▶ ABOUT THIS EXERCISE
Below are records with pictures; copy word for word only the lines between the line with "물론 사자마자 급등하는" and the line with "Найти - Территория", inclusive, and drop the pictures.

▶ INFORMATION SHOWN
------------

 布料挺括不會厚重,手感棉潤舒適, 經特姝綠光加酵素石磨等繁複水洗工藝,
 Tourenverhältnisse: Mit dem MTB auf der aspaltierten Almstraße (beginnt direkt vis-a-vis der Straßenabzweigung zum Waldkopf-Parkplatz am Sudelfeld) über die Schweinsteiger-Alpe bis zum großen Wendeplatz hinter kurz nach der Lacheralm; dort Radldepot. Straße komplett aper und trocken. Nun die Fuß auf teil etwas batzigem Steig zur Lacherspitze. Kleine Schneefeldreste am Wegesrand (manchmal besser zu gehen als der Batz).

------------

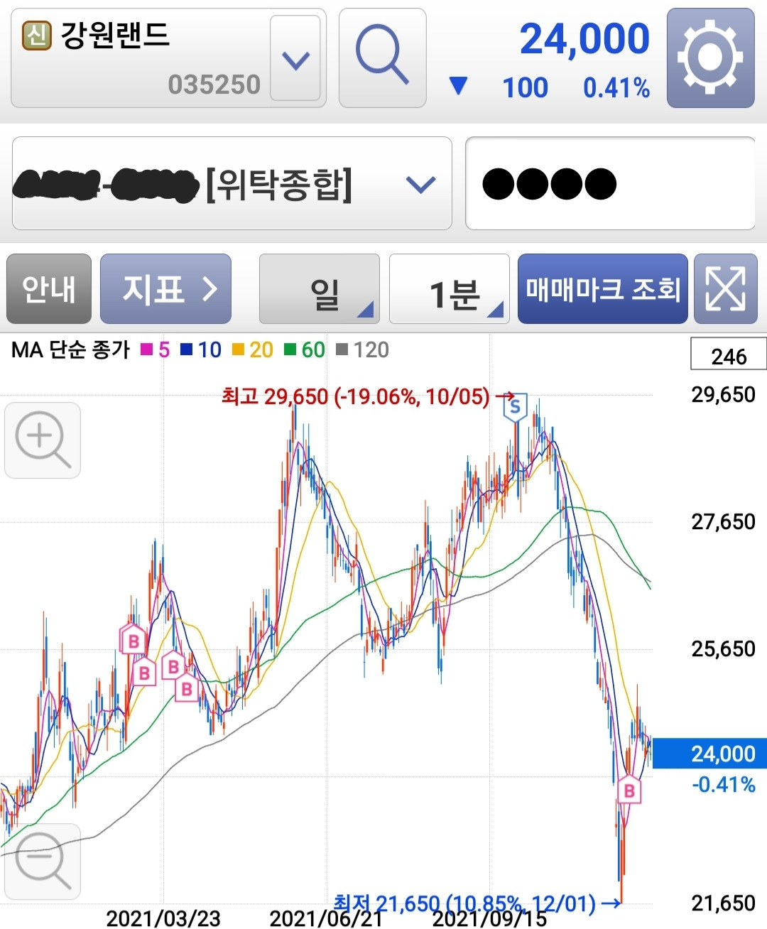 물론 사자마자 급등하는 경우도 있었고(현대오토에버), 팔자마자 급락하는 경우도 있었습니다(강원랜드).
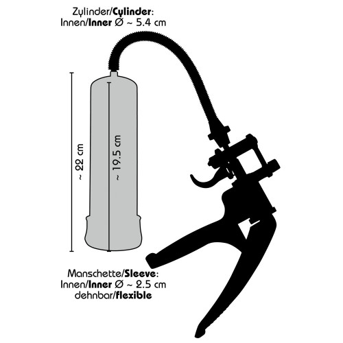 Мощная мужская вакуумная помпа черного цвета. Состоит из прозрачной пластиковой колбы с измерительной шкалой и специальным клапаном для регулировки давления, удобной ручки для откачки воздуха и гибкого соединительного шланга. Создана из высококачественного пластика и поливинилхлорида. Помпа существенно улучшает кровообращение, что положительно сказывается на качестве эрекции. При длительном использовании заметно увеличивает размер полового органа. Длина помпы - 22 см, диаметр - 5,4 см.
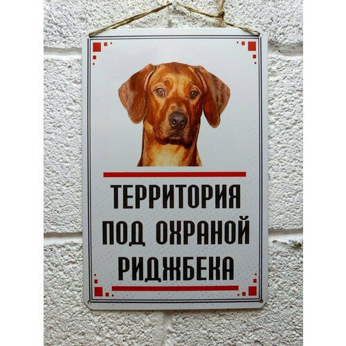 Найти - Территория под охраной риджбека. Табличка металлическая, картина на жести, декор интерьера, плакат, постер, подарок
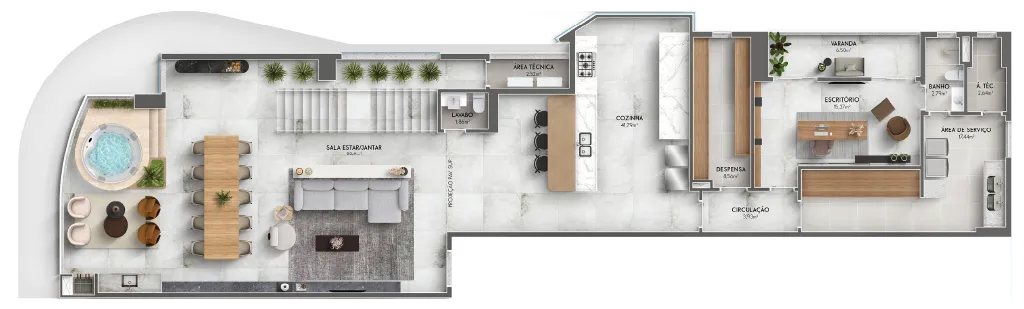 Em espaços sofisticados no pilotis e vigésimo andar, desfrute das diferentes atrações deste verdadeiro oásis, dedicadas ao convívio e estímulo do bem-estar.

------------

▶ SOLUTION TO THE EXERCISE
 물론 사자마자 급등하는 경우도 있었고(현대오토에버), 팔자마자 급락하는 경우도 있었습니다(강원랜드).
 Мощная мужская вакуумная помпа черного цвета. Состоит из прозрачной пластиковой колбы с измерительной шкалой и специальным клапаном для регулировки давления, удобной ручки для откачки воздуха и гибкого соединительного шланга. Создана из высококачественного пластика и поливинилхлорида. Помпа существенно улучшает кровообращение, что положительно сказывается на качестве эрекции. При длительном использовании заметно увеличивает размер полового органа. Длина помпы - 22 см, диаметр - 5,4 см.
 Найти - Территория под охраной риджбека. Табличка металлическая, картина на жести, декор интерьера, плакат, постер, подарок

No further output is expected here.